Given data:
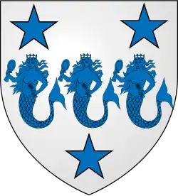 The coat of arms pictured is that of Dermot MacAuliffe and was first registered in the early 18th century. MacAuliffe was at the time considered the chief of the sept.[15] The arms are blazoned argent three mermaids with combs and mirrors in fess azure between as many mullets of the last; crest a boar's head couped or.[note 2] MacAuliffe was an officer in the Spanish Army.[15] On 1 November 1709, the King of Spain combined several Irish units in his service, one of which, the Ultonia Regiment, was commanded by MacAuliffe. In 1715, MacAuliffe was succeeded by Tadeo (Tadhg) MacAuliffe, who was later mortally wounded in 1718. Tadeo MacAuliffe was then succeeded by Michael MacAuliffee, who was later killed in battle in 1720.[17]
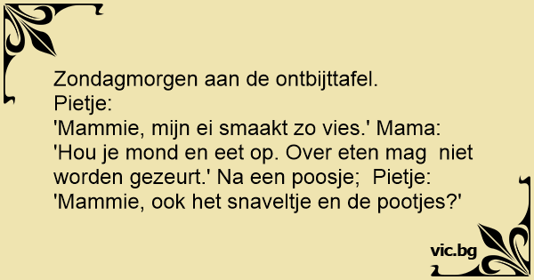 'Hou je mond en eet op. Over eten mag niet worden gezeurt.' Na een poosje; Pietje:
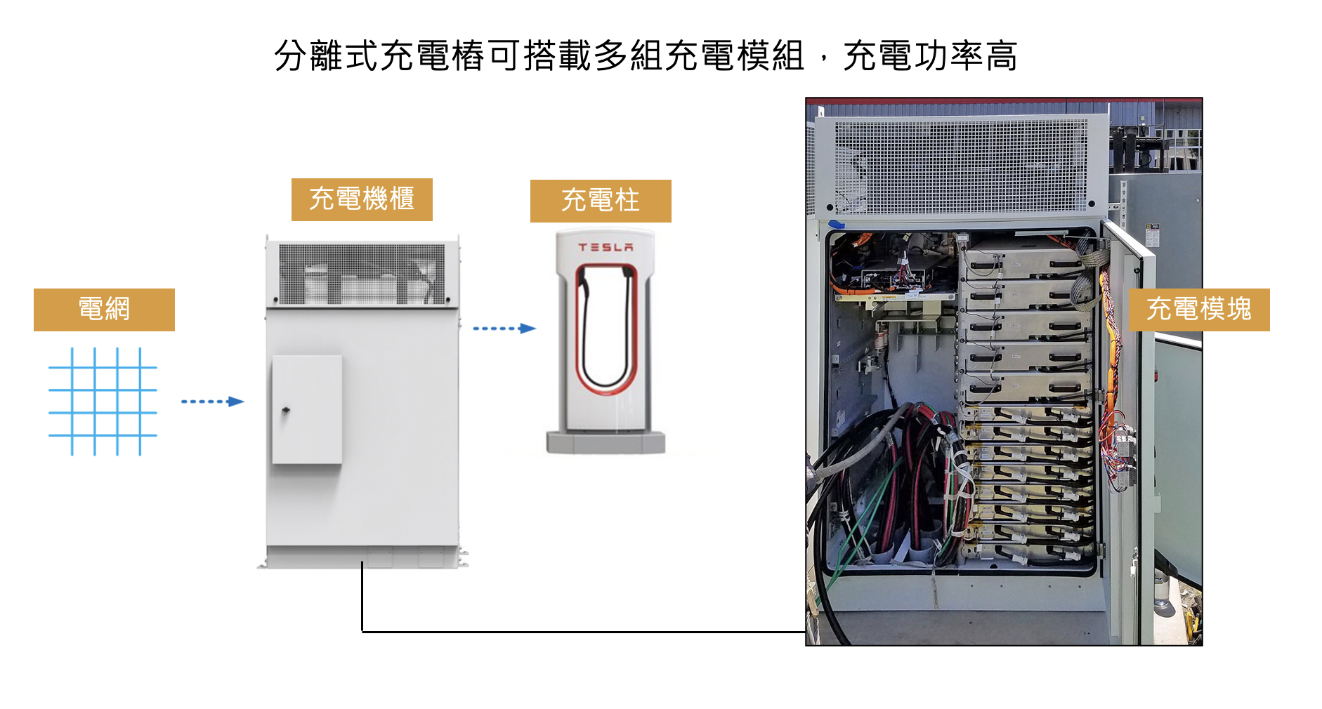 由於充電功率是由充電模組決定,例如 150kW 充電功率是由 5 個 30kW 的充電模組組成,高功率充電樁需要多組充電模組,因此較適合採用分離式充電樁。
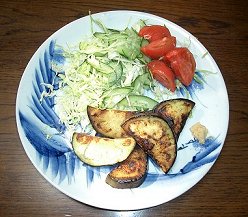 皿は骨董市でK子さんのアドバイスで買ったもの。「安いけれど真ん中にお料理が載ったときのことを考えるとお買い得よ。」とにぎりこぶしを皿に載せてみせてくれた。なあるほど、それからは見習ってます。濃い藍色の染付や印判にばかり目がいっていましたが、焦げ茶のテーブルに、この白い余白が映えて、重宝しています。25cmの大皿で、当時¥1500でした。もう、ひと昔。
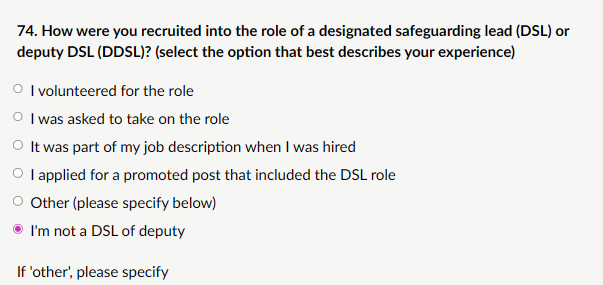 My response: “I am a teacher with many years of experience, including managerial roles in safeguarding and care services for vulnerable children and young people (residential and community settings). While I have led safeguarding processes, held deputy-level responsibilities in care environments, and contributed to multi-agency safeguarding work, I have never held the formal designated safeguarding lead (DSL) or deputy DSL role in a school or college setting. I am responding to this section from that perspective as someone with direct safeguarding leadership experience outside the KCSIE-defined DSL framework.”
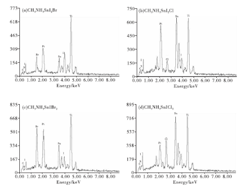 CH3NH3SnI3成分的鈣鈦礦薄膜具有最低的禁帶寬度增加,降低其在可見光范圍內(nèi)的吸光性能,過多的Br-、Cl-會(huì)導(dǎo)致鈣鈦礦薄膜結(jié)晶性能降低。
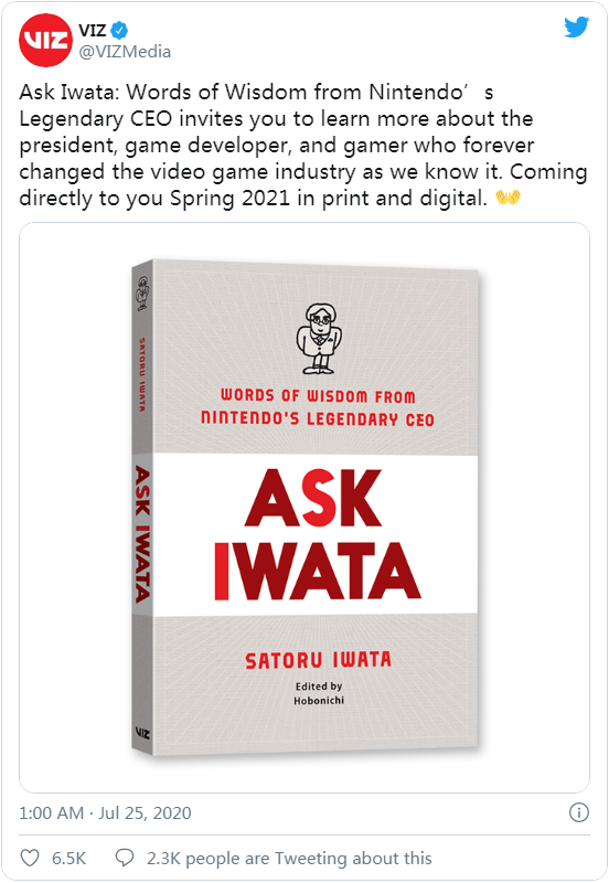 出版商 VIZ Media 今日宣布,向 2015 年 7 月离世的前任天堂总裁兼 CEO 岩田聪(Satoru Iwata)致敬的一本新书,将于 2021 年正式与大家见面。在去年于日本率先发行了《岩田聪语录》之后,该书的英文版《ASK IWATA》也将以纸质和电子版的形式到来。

Exercise brief: Output exactly the lines from the line containing "am a teacher" through the last line of the records, both included, and leave out every picture.

Reply:
 My response: “I am a teacher with many years of experience, including managerial roles in safeguarding and care services for vulnerable children and young people (residential and community settings). While I have led safeguarding processes, held deputy-level responsibilities in care environments, and contributed to multi-agency safeguarding work, I have never held the formal designated safeguarding lead (DSL) or deputy DSL role in a school or college setting. I am responding to this section from that perspective as someone with direct safeguarding leadership experience outside the KCSIE-defined DSL framework.”
 CH3NH3SnI3成分的鈣鈦礦薄膜具有最低的禁帶寬度增加,降低其在可見光范圍內(nèi)的吸光性能,過多的Br-、Cl-會(huì)導(dǎo)致鈣鈦礦薄膜結(jié)晶性能降低。
 出版商 VIZ Media 今日宣布,向 2015 年 7 月离世的前任天堂总裁兼 CEO 岩田聪(Satoru Iwata)致敬的一本新书,将于 2021 年正式与大家见面。在去年于日本率先发行了《岩田聪语录》之后,该书的英文版《ASK IWATA》也将以纸质和电子版的形式到来。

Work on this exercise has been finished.